> WORK TO COMPLETE:
Repeat the data exactly as given below, dropping every picture.

> DATA SEGMENT:
= = = =

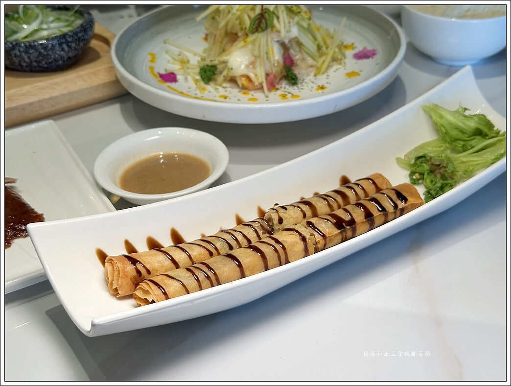 漢來美食多家餐廳的招牌料理。像是脆笛酥,用春捲皮內包裹炒過的豬絞肉、香菇及韭黃,外酥脆內開胃。
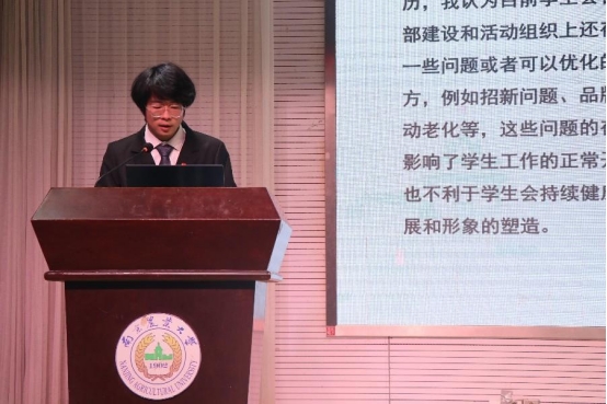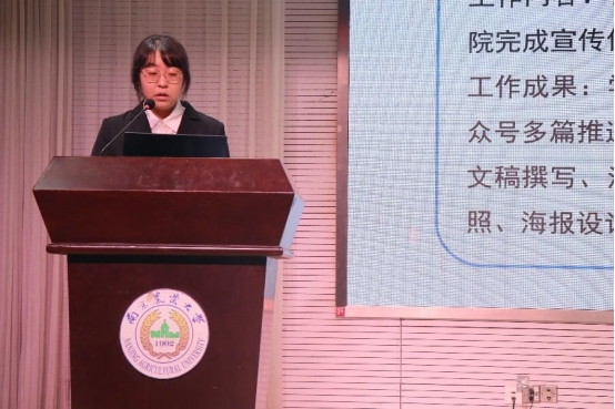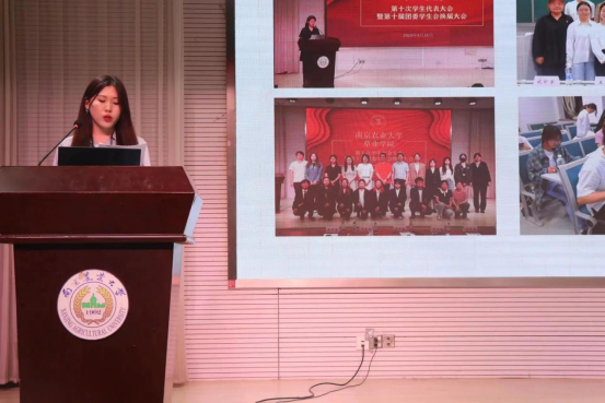 第十届团委副书记李佳蕾与学生会执行主席龚蔬雨分别进行述职汇报,总结了过去一年的工作情况与获得的荣誉,围绕着“小草大爱”这一主题进行了对未来的充分展望,表达了对新一届团委、学生会的祝愿与期望,希望他们能够担当好上下沟通的桥梁,也希望吃瓜网
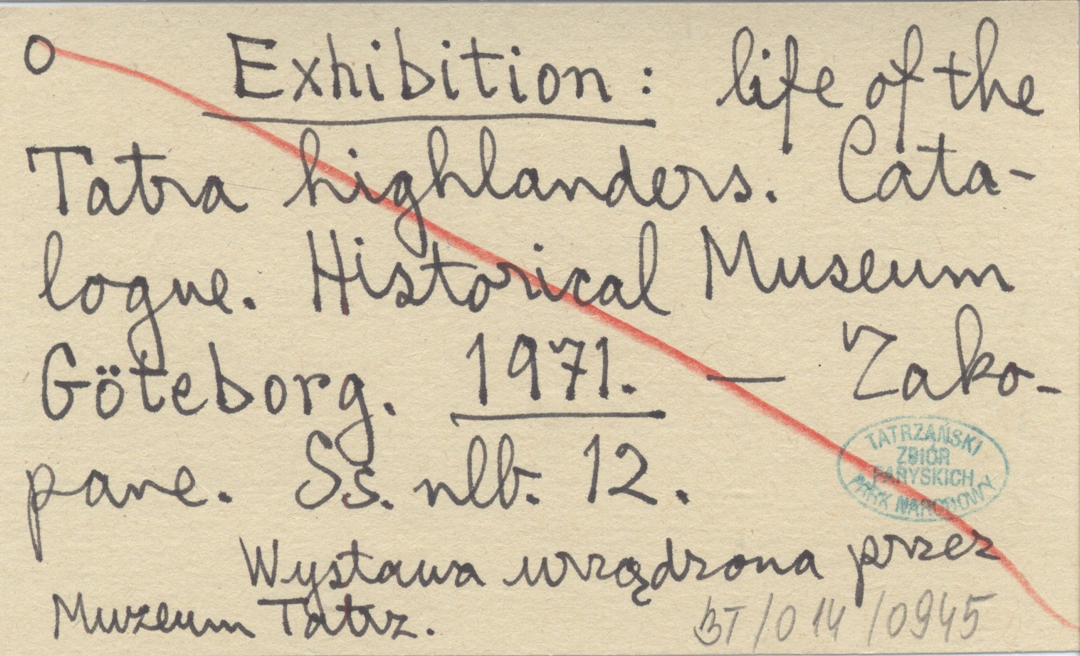 Exhibition: life of the Tatra highlanders. Catalogue. Historical Museum Göteborg. 1971

= = = =

> TASK RESPONSE:
 漢來美食多家餐廳的招牌料理。像是脆笛酥,用春捲皮內包裹炒過的豬絞肉、香菇及韭黃,外酥脆內開胃。
 第十届团委副书记李佳蕾与学生会执行主席龚蔬雨分别进行述职汇报,总结了过去一年的工作情况与获得的荣誉,围绕着“小草大爱”这一主题进行了对未来的充分展望,表达了对新一届团委、学生会的祝愿与期望,希望他们能够担当好上下沟通的桥梁,也希望吃瓜网
 Exhibition: life of the Tatra highlanders. Catalogue. Historical Museum Göteborg. 1971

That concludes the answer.